He teaches his principles from his life experiences, growing up as a son of a priest in rural backwaters of Ireland, and being disappointed by his father’s lack of ambition. His description of his father’s funeral and how he learns that his father’s life was hugely successful  is very touching and heartwarming. He seems to have the knack so brilliantly displayed by James Herbert of touching the right notes and making you warm up to him instantly. His retelling of his issues makes him not just vulnerable in your eyes but also endearing. He has also been leading the charge on defining what education should be like and has chaired many prestigious institutions. However, I began to wonder how much of management theory I really learned while reading the book.


He talks about the old corporations (old elephants) which had jobs for life, a very protected environment, endless profits because of oligopoly and what not. He talks about the modern corporations where it is a very different world, and the corporates who could not adapt to it died. Well written, with a clear vision and articulation.


But some of his views are out there. He argues that even though technology has transformed lives, fundamentally we are the same. He talks about however good the communication and ecommerce have become the logistics remains, and drivers, cooks and others will always be

needed. Good point, until you start thinking of driverless cars. I agree that people will be retrained and survive. He also bemoans the modern fascination with gadgets and what it is doing to the society. There is also a kernel of truth in it and there is some logic in saying that losing the personal touch (the mom and pop bakery around the corner, the handwritten letters, the train conversations) have all been irrevocably lost in some cases. His reminiscences (about, for instance, how he used to ring from Malaysia to England when he was in Shell and what it sounded like) add an inimitable human touch to the stories and make them come alive.


But when he laments about technology and intellectual assets, you realize how old fashioned he really is. One of the gentlemen of olden times, wishing for times when you can touch, feel and look at objects and things. Charming all the way, no doubt.


But he makes great points about the need to change and adapt since we are forced to anyway. And good points about how, even those who consider that they are worse off than their grandfathers will not like to go back to those times to live like them. Some of his points are very interesting. Like I said, I may not agree with many of them, but his points are well made. He talks of the evil of keeping shareholder value as the single most important criteria. If it were up to him, companies will have avuncular interest of employees at heart (even, if you read between the lines, when shareholder value is threatened) but it may not be practical. Leaving aside that, he makes great points of the shareholders – most of them anyway – are not the real ‘owners’ in the traditional sense. They, for instance, did not even pay their money to the company at all, having bought the shares in a secondary market.


Also nice are his laments about the fear when he became independent and how he continually tries to find meaning in life. Masquerading as a corporate book, this is simply an erudite old man’s reminiscences and if you are fooled by the title into thinking it is a business book like I was, it is a bit disappointing.

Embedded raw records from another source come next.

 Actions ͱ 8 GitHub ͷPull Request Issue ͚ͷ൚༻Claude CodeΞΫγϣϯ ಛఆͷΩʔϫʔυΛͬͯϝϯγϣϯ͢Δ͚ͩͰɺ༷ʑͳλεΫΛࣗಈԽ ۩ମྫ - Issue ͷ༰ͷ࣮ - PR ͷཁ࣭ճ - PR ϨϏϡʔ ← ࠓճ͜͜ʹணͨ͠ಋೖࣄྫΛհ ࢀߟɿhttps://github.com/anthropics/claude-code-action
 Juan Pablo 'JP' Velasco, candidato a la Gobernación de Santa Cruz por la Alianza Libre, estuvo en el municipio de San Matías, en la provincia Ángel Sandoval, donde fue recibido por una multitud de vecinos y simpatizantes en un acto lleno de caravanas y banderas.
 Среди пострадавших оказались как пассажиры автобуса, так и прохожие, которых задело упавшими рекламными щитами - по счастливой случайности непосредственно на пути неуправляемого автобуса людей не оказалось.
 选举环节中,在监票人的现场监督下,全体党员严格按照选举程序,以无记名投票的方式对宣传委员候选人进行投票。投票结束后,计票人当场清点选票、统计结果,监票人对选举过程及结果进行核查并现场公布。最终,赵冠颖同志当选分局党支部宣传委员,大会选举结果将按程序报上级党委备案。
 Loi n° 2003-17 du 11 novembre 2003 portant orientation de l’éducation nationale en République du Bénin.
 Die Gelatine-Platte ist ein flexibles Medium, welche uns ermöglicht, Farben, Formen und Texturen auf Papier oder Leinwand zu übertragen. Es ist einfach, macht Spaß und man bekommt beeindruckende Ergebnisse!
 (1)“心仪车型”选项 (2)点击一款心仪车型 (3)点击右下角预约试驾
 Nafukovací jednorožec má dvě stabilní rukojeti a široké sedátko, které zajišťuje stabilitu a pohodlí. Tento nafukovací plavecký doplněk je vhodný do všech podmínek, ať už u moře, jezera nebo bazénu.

At the end, he tries to summarize why fleadom may engender selfishness and apathy towards the rest of the society. In all, this does not feel like a corporate book – our instincts at the beginning are right. True, there are some interesting facts. But they are few and far between. You get to look at the life Charles led and what is important to him from his point of view. Is it interesting? Yes. He is a really nice, charming, caring person and it comes through clearly. But it is not a corporate or business book, though the title makes you think it is. It does not, for instance, tell you as a flea, how to influence the elephant where you are currently working. From that point of view, it is a mis-sell.


Also his belief that the modern world with its selfishness will lead to destruction is not borne out when you see the natural philanthropy occurring even today.

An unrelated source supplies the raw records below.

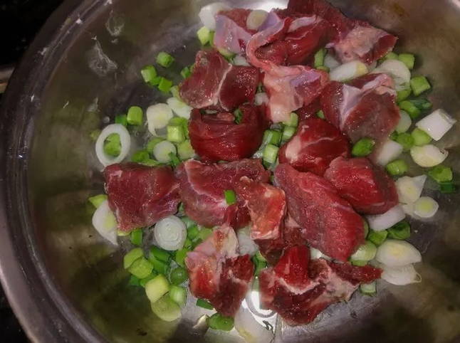 - We wassen en hakken het vlees en de uien. Doe de ui in een diepe braadpan, leg het vlees erop.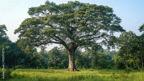 Obraz premium Lush tall tree with expansive canopy standing proudly in a serene, green...
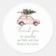 Pegatina redonda festiva con coche rosa de acuarela, árbol de fiestas, muérdago y lazos. Perfecta para sellar sobres, decorar paquetes o detalles de fiestas navideñas.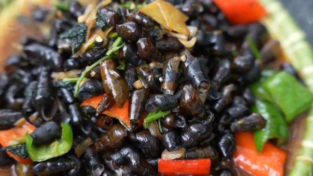 无笃石螺又称“仙螺”,一般生活在清澈的河水里,因此肉质清甜无污染。炒出来的石螺味道鲜美、肉质弹牙,被食客们连连称道,有“不尝仙螺不算到了四会”之说。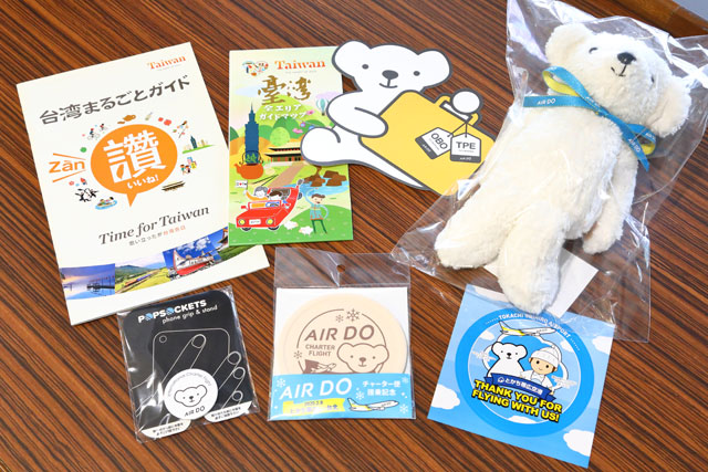 エア・ドゥの台北行きチャーターHD9251便で乗客に手渡した搭乗記念品=20年2月8日 PHOTO: Masahiro SATO/Aviation Wire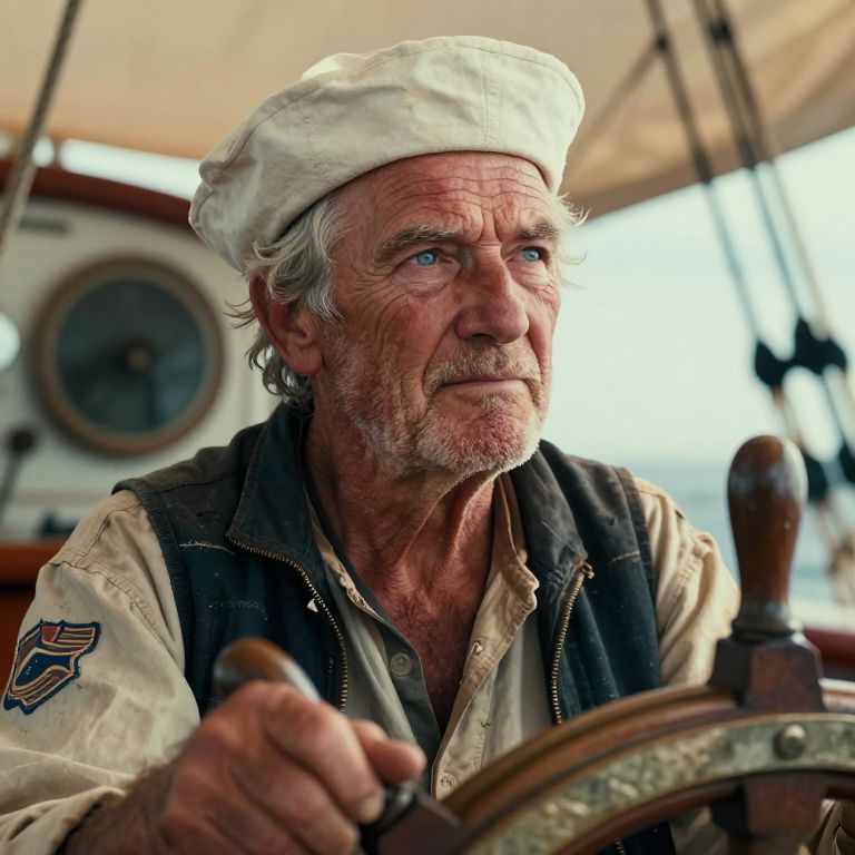 Create a hyperrealistic portrait of an aged sailor, his sun-kissed skin and dreamy blue eyes gazing off into the distance. This unique 'bug's-eye view' perspective captures the essence of a life spent at sea, showcasing intricate details such as the worn patches on his clothes and the calloused hands that grip the ship's wheel. The lighting is soft and warm, casting a gentle glow on his rugged face and evoking a striking blend of strength and vulnerability.

But the book in itself is interesting. I will say 6/10

–  –  Krishna

May 19, 2018

Book: Middlemarch by George Eliot

Filed under: Books — Tags: , , , , — krishnafromtoronto @ 5:34 pm

imageA classic, so let us march right into the story.

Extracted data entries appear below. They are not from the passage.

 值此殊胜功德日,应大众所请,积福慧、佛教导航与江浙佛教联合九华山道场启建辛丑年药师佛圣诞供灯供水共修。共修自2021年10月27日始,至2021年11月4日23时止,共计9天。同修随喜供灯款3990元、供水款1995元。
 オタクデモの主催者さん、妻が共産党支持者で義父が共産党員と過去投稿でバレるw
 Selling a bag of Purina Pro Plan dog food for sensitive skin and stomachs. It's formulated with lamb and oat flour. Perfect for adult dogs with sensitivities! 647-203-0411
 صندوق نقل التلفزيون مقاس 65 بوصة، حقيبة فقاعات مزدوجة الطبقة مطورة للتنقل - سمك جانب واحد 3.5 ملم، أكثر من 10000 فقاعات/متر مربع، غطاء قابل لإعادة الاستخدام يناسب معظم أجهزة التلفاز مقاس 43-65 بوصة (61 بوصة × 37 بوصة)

Miss Dorothea Brooke and her sister Celia. Celia is practical but Dorothea is religious. Orphaned, they are looked after by their uncle. Dorothea, the elder seems to be a religious zealot of the first kind. Even though the baronet desires her, she likes the withered and old Casaubon, the philosopher.


She agrees to marry him even over the interest shows by Sir Chetham and contrary to the wishes of her uncle and her own sister. Sir Chetham is frustrated, but advised to look closer at the other, more practical, sister Celia by the town pastor’s skinflint, but practical, wife.


There are the Vincys, who are rich merchants. Rosamund and Fred are his children. Rosamund is an exquisite beauty and their old and cantankerous uncle Featherstone is rich and issueless so Fred hopes for a piece of the pie. Mary Jane, who lives in the house is plain but a close friend of the fair Rosamund.


Rosamund deliberately contrives to meet Mr Lydgate, who is handsome and a physician to boot, and manages to fall in love with him. Lydgate only cares for medicine and he fell for an artist once and was betrayed, so he has no interest in romance. He was a poor person who wanted to do medicine, but his benefactor approved “despite the impact on family dignity by this choice’. How different were those times.


There is an election for the priest where Farebrother is ousted by the more dogmatic but tedius preacher.

Meanwhile, in Rome, Dorothea seems to realize that marriage to Casaubon may not be what she thought it would be. He seems to want to do his research alone and rebuffs her every attempt to contribute. When she meets the young and sunny relation of Casaubon’s, Ladislaw, the contrast is immediately apparent. Ladislaw is amazed that Dorothea, who is simple and endearing, would have chosen his uncle as a husband. He himself is financially supported by Casaubon and seems to have no fixed aim in life.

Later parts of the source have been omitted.